Die Finanzspezialisten von CVP und FDP sind erstaunt über die Aussage der SP, es gebe einen Kompromiss. CVP-Sprecherin Yvonne Hunkeler sagt, dieser sei «von der CVP noch nicht beschlossen». Zuerst müssten die Delegierten der SP am 5. Dezember Ja sagen zum Plan ihrer Parteispitze, auf ein Referendum gegen die Erhöhung des Steuerfusses zu verzichten. Erst dann, am 7. Dezember, werde die CVP-Fraktion entscheiden. Exakt gleich vorgehen wird die FDP, wie Finanzspezialist und Kantonsrat Damian Hunkeler (Luzern) bestätigt. Der Kompromiss sei so, wie er jetzt dastehe, «aus meiner Sicht tragfähig, aber noch nicht in trockenen Tüchern».

Hat die Mitte Angst vor der SP-Kampagne?

Das grundsätzliche Einverständnis der CVP- und FDP-Finanz­spezialisten zu den Vorschlägen der SP ist erstaunlich. So sagte Yvonne Hunkeler letzte Woche gegenüber unserer Zeitung, das Angebot der SP werde «bei der CVP auf taube Ohren stossen». Damian Hunkeler sprach von einem «Schnellschuss der SP», dieser werde «nicht goutiert».

Hat die Drohung der SP, im Abstimmungskampf gegen höhere Steuern voll auf die SP-nahe Stadt und Agglomeration Luzern zu setzen, also gewirkt?

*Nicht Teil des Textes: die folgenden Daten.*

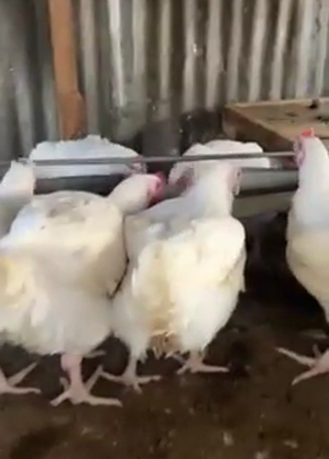 cluster of white chickens huddled together inside what appears to be a coop. The coop has corrugated metal siding and a wooden frame. The chickens are tightly packed, standing on what appears to be dirt or litter. A hanging water feeder is visible. The chickens move their heads and necks, seemingly pecking at the ground.

Yvonne Hunkeler sagt, die CVP sei «an Lösungen interessiert und daran, breite politische Kreise hinter einem Kompromiss zu wissen». Das Ja zu diesem möglichen Weg sei ein «Signal zur Beruhigung der finanzpolitisch schwierigen Lage». Auch FDP-Sprecher Damian Hunkeler sagt, er habe keine Angst vor einer SP-Kampagne. Es sei «um ein Abwägen gegangen». Mit einer breiten Unterstützung sei die Abstimmung einfacher zu gewinnen als mit SVP und SP in der Opposition.

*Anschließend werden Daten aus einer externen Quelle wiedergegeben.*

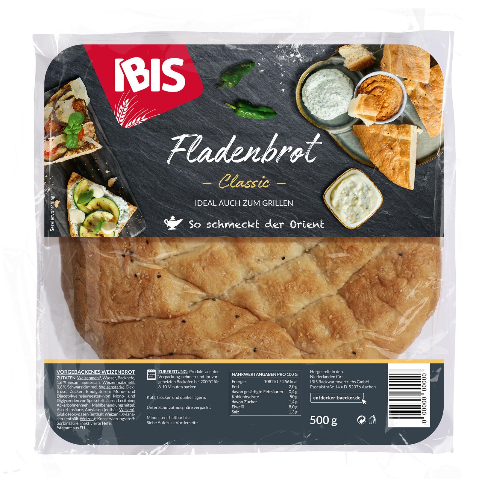 Produkt aus der Verpackung nehmen und im vorgeheizten Backofen bei 200 °C für 8-10 Minuten backen.

Einigen sich CVP, FDP und SP, bleibt die SVP einzige Gegnerin einer Steuererhöhung. Am Widerstand seiner Partei werde sich nichts ändern, versichert Fraktionschef Guido Müller (Ebikon). Das gelte hoffentlich auch für den Gewerbeverband sowie die Industrie- und Handelskammer, die bis jetzt stets Nein gesagt hätten zu höheren Steuern.